### Records contained in a dataset

= Beginning of Section =

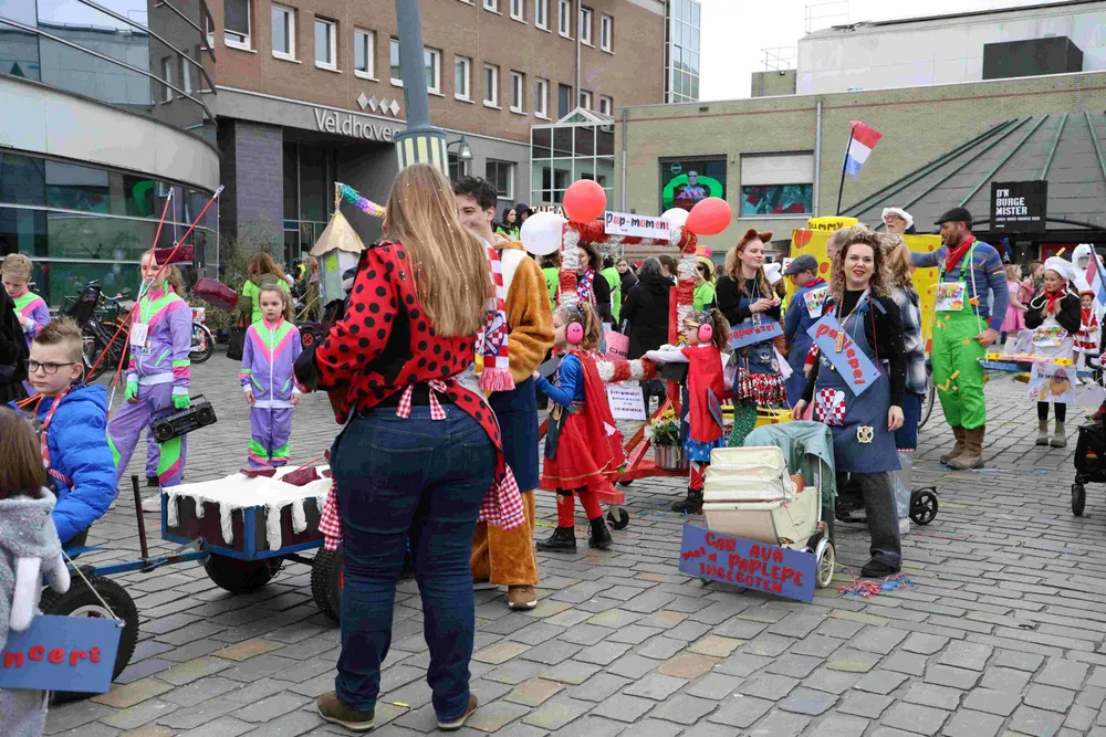 De kinderoptocht trok zaterdag 10 februari weer door Veldhoven. Het eindpunt was het Meiveld waarna in Theater de Schalm de prijsuitreiking plaatsvond.
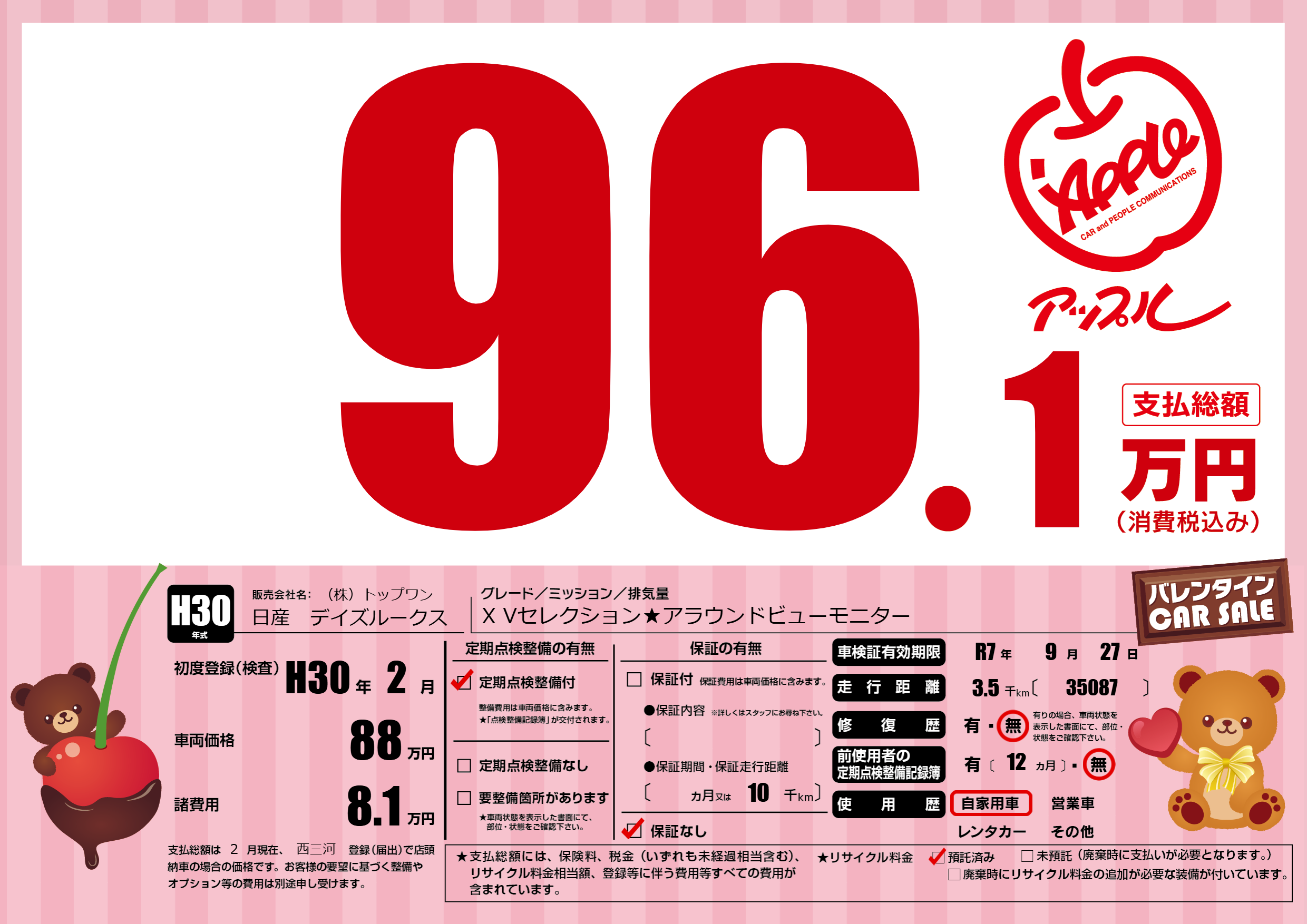 | 走行キロ | 0.3万km | 初年度登録 | H30年2月 |
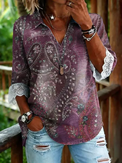 Women's Ethnic Floral Art Print V-neck Denim Shirt With Lace Trim
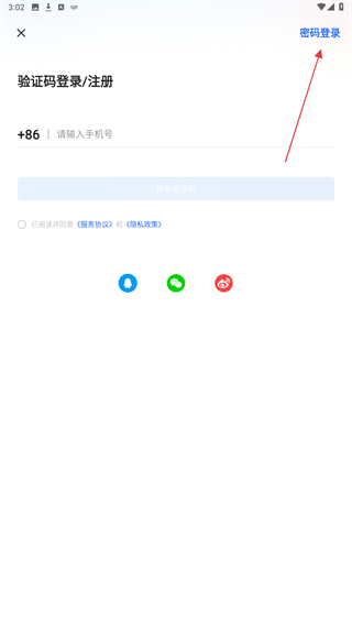 3、在登錄/注冊的頁面內(nèi),點擊右上方密碼登錄的按鈕。
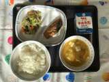 今日の献立は、冬至献立で、かぼちゃのみそ汁、白菜のごまあえ、ブリの柚子風味揚げ、...
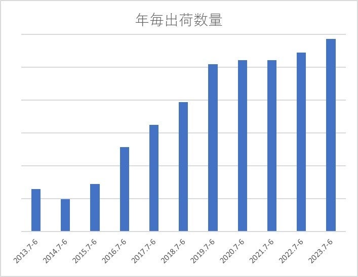 1932年創業の当社は、1937年に初めて発売したふきとり化粧水「ナリス コンク」以来角層研究を続けており、現在ではふきとり化粧水の国内企業別販売シェアは、9年連続No.1です。(TPCマーケティングリサーチ株式会社 2024年4月調べ)当社は流通に合わせて異なる顧客層のニーズに合わせて、自社ブランドのみで約10種類のふきとり化粧水を販売しており、「ネイチャーコンク」は、当社で唯一ドラッグストア流通で展開している医薬部外品のふきとり化粧水です。手軽に角層ケアを体験できるよう、ふきとり効果に加えて保湿機能を持たせるなど多機能のふきとり化粧水としてのブランディングを行い2013年にデビューした後、3年目以降は毎年売り上げを伸ばし、2024年11月末の段階では、累計の売上本数は850万本※1を超えています。(下のグラフは、その年度の7月~6月までの1年間ごとでまとめています。)

= End of Section =

### Required work
The lines to be transcribed are those from the first line of the data above through the line holding "Women's Ethnic Floral", inclusive; copy them exactly and only, leaving out the pictures.

### Your response
 De kinderoptocht trok zaterdag 10 februari weer door Veldhoven. Het eindpunt was het Meiveld waarna in Theater de Schalm de prijsuitreiking plaatsvond.
 | 走行キロ | 0.3万km | 初年度登録 | H30年2月 |
 Women's Ethnic Floral Art Print V-neck Denim Shirt With Lace Trim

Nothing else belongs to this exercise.